Later, at lunch time:

ME: Thank you, Erin.

ERIN: ;)

ME: I mean it. You made an old man very very happy today.

ERIN: Not so old.

ME: Okay then. You made a dirty old man very very happy.

ERIN: not so dirty...:) well...maybe a bit sticky.

ME: Ha ha. Very funny.

ERIN: It's what my major is. Being funny.

ME: You have a master's degree in being beautiful and sexy and ...everything else!

ERIN: Thanks Daddy ;)

ME: no..thank YOU! See you tonight.

Dinner with Janet and seeing Erin back at home was so painfully normal and plain and usual. It made me shiver inside, knowing what we had shared.
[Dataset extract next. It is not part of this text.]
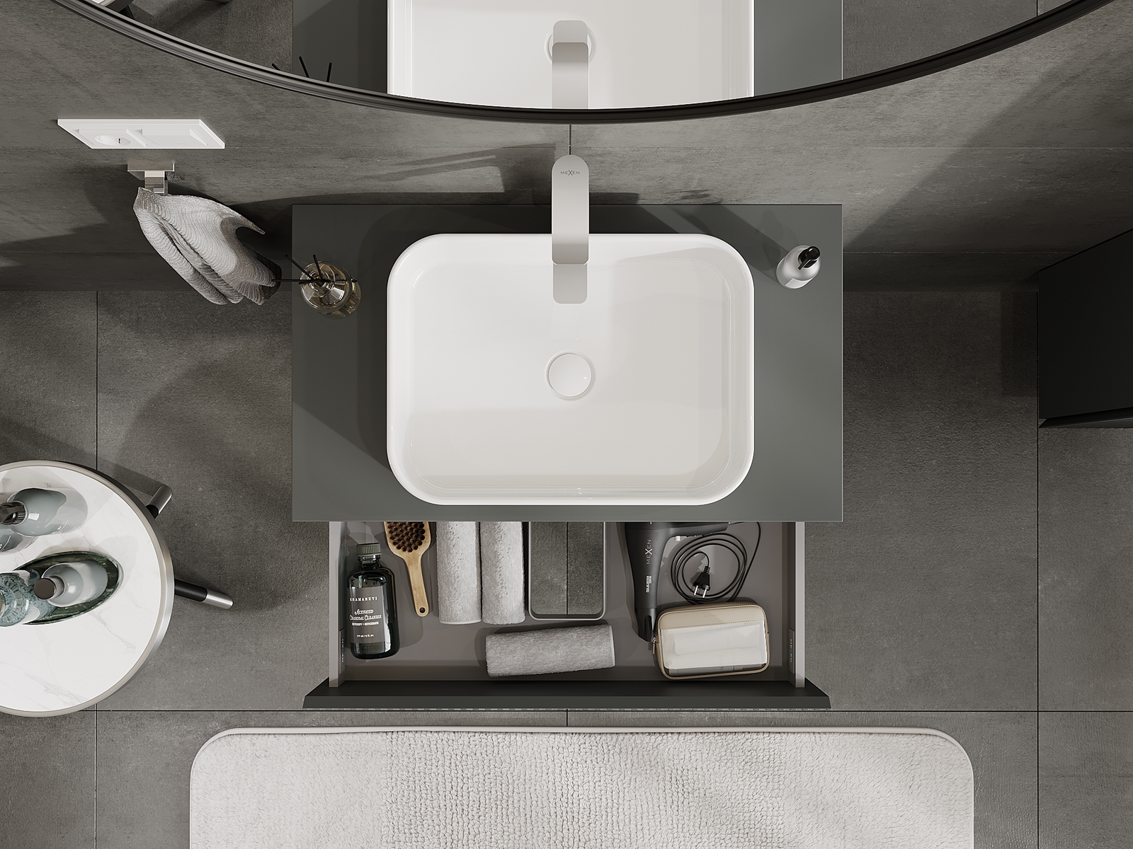 A fiókban lévő kivágás úgy van kialakítva, hogy befogadja a mosdó telepítéseknél szükséges szifont. Ennek köszönhetően a bútor teljesen funkcionálisan felszerelhető anélkül, hogy a fiók terének egy részét fel kellene áldozni a telepítés miatt.

We had cheated on Janet, my wife, her mother! Well, we hadn't gone all the way, but it was still very wrong. So why was my mind occupied by nothing else? Why did I think of nothing but what the next day would bring?

So Friday came and Erin was dressed very appropriately in a yellow flower print dress. I told her so.

"It's not that what you were all week was inappropriate, but this dress, hon, really brings out your beautiful brown eyes and your flawless skin. I'm serious."

"Thanks, Daddy," she beamed.

We kissed Janet goodbye and I could tell we both anticipated today's ride. I stared down at her sun dress, watching the slow and steady heave of her young pert breasts as we stared at each other for a long time. She stood facing me and my hands crept up to her waist. I pulled her close and she smiled slightly. Then, her hands were slowly working my zipper. I swallowed as I felt one of her small hands go inside of my pants and start to feel the blood-engorged snake inside.

We remained staring into each other's eyes as she brought me to another glorious and euphoric ending.

When we got to her subway station, she reached up and this time kissed me softly on the lips. It was still an all-too brief and chaste kiss, yet it was on the lips, a kiss we had never shared. So soft, so intimate, so much feeling and meaning behind it.